Our idea was to write blogs and book recommendations every few weeks. It has now been, let me check (click, click, click), 3 months since the last installment, where we wrote, “It seems that all too often we let busyness distract us from the real business of life.” Indeed. We’ll work towards regular installments in 2023.


I typically ignore, sometimes even insult in my weaker moments, public meteorology. I’ll quote Dylan, “You don’t need a weatherman to know which way the wind blows”, as if that were actual weather advice, and continue on in my happy ignorance, whistling protest songs into sunny skies. I’ll soon need to eat every word in Subterranean Homesick Blues because this week…National Weather Service, congratulations, you were spot-on. I apologize for publicly maligning you, and submit to endure every cheery chirp of my weather app alerting me to blizzard-like conditions. Fortunately we have warm coals in the fire, hot water on the stove, good bourbon in the cabinet, and old friends on the shelves.



Sinking into a thick and absorbing story is often the best way to pass the seemingly endless winter hours, and I have recently completed, or am near to completing, a few longer non-fiction works that I’ll recommend in passing. John Barry’s Roger Williams and the Creation of the American Soul and Ted Gioia’s Music: A Subversive History are both thoroughly enjoyable. The Barry book has been on the shelf for a few years and I’m kicking myself for having not picked it up sooner. His tour of late 16th and early 17th century British and American politics, religion, and culture is about as delightful as anything I’ve ever read about the period, and Roger Williams is a fascinating and culturally out-of-time figure in western history that I’m glad to know more about. I’m looking forward to reading more of Barry’s work in the future. I’ve been reading Ted Gioia, and his brother the poet Dana Gioia, for years. Ted’s jazz and blues writing, much of it available on his website, is tremendous. This volume does not disappoint. The central thesis, that true musical innovation is often happening among the marginalized and dispossessed, is a truly fun alternate history of the past few millennia. The chapters could easily be read as stand-alone essays, or front to back as one long historical narrative, and can be put down and picked back up without losing the thread. I recommend both.

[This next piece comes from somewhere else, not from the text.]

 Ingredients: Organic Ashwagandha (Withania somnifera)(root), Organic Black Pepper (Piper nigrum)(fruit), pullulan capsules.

Today's weather has provided me with a good excuse to avoid chores and instead indulge in a favorite pastime of mine, a day of discursive reading with no particular goal or end. It started, oddly enough, with an article about the implications of ChatBot AI. ChatBot programs, and other AI services, are for better or worse becoming a part of our everyday lives, and much is being said about it. Some laud these as labor saving technological improvements that will relieve us of many of the menial tasks we frequently encounter, while also improving decision making and cutting labor and consumption costs; others worry about job displacement, skills loss, deep fake technologies, and even machine sentience. As is often the case, sincere and persuasive arguments lie on either side, and moderation will likely be the demonstration of virtue here. For ChatBots specifically, one consideration I found particularly compelling was what AI services might do to our understanding of the power of language. If ChatBot creators have a consequentialist understanding of language, and words and ideas are reduced to mere tools, with bland utility being their highest use, might we be in danger of losing something of their creative and psychic power in our lives and culture? We’ll have to wait and see.

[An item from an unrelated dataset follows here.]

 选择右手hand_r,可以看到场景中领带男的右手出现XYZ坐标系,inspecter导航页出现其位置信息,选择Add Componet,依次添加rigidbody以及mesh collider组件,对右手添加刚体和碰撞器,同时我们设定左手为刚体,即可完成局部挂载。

Thinking about the power of language led me to revisit a couple familiar books this morning. I first dug out Standing by Words, by Wendell Berry (of course he’s already thought about it), to reread his essay of the same name. I imagine some will find Berry’s literary examples somewhat idiosyncratic, at least among contemporary essay writing. He often references the Bible, Milton, Shakespeare, or Dante in his analysis of current issues, but his writing is always logical, witty, and artful. This essay is particularly interesting in light of some of our current arguments about the reliability and potential dangers of chat AI. Something of an intellectual relative to Orwell’s classic Politics and the English Language, Standing by Words argues that the disintegration of language, its careless use and unreliability, is related to a disintegration in our discourse, relationships, and communities, and that reclaiming language, the ideas it produces, and standing by them faithfully, is our surest way to health and wholeness. Perhaps I make Berry sound more alarmist and critical than he is. While he is a critic of much of contemporary society and the industrial consumer lifestyle it promotes, he always has a way of building arguments that are logically coherent and penetrating, while also being humane, careful, and concerned about the well-being of the reader. I recommend both this essay and the collection it’s found in.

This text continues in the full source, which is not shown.